The large carnivorous dinosaur was slightly smaller than the Tyrannosaurus rex.

Scientists have discovered that huge carnivorous dinosaurs lived in Australia

A team of researchers analyzed the dinosaur fingerprint fossils and concluded that they belonged to large-carnivorous dinosaurs that were three meters high at the hips and about 10 meters high, according to a press release from the University of Queensland.

“To take this into account, Trek Rex reached about 3.25 meters at the hips and achieved lengths ranging from 12 to 13 meters, but it didn’t appear until 90 million years after the Queensland giants,” said lead researcher Anthony Romelio. The paleontologist at the university.

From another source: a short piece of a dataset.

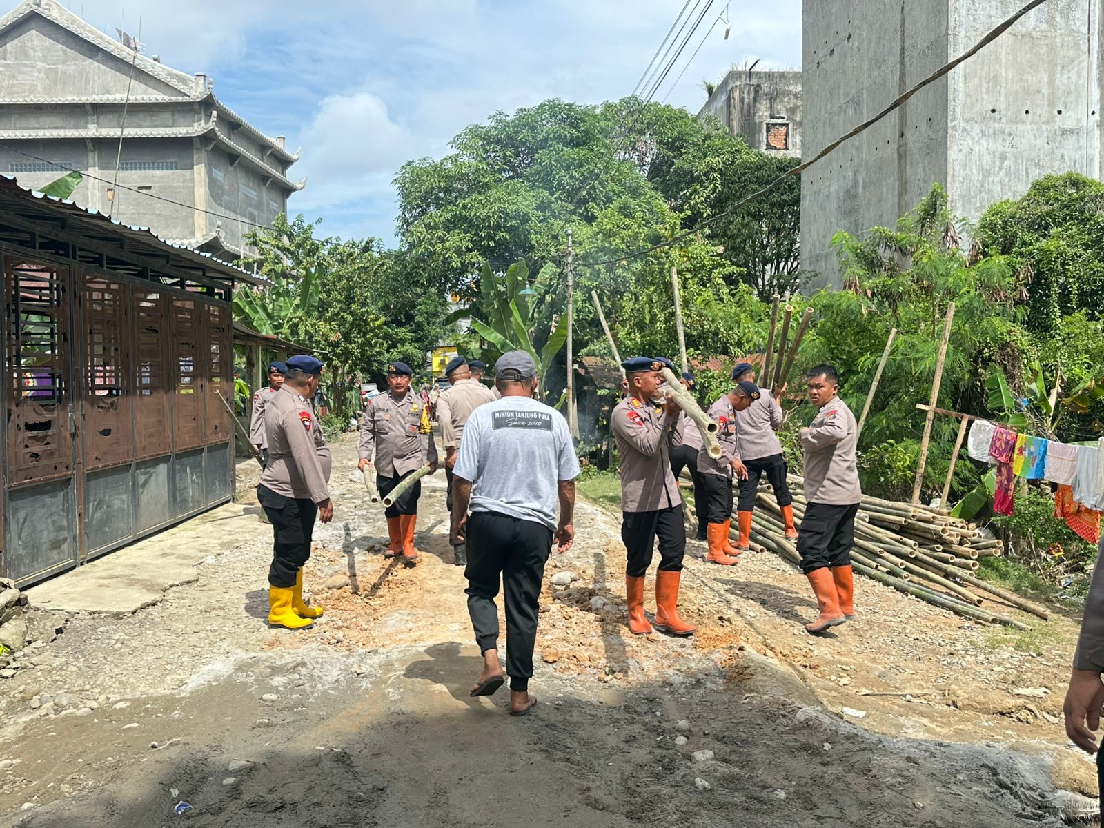 Proses perbaikan berlangsung kolaboratif; personel Brimob bergotong-royong bersama masyarakat, tokoh pemuda, dan perangkat desa. Warga yang tinggal di sekitar tanggul ikut mengangkat material timbun, menata cerocok bambu, dan memastikan jalur akses kembali bisa dilalui.

“Queensland paths may have been made by giant carnosaurs – the group that includes allosaurus. At that time, these were perhaps some of the largest predatory dinosaurs on the planet.”

Romelio said that footprints, dating from the late Jurassic period, between 165 and 151 million years ago, were mostly between 50 and 60 cm, some of which amounted to approximately 80 cm.

“These paths have made dinosaurs walk in the swamp forests that once occupied a large portion of the landscape of what is now southern Queensland,” he said.

Romelio notes that paleontologists previously knew about Tyrannosaurus rex in North America, Giganotosaurus in South America and Spinosaurus in Africa, but there is now evidence that Australia has large carnivorous dinosaurs.

While this is the first time that fossils have been scientifically described, they were discovered more than half a century ago, Romelio said.

Find the world's largest dinosaur footprint in Australia's Jurassic Park '

“They were discovered in the underground coal mine roofs of Rosewood near Ipswich and OKI just north of Toowoomba in the 1950s and 1960s,” he said, explaining that they had been sitting in the museum’s stairs for decades.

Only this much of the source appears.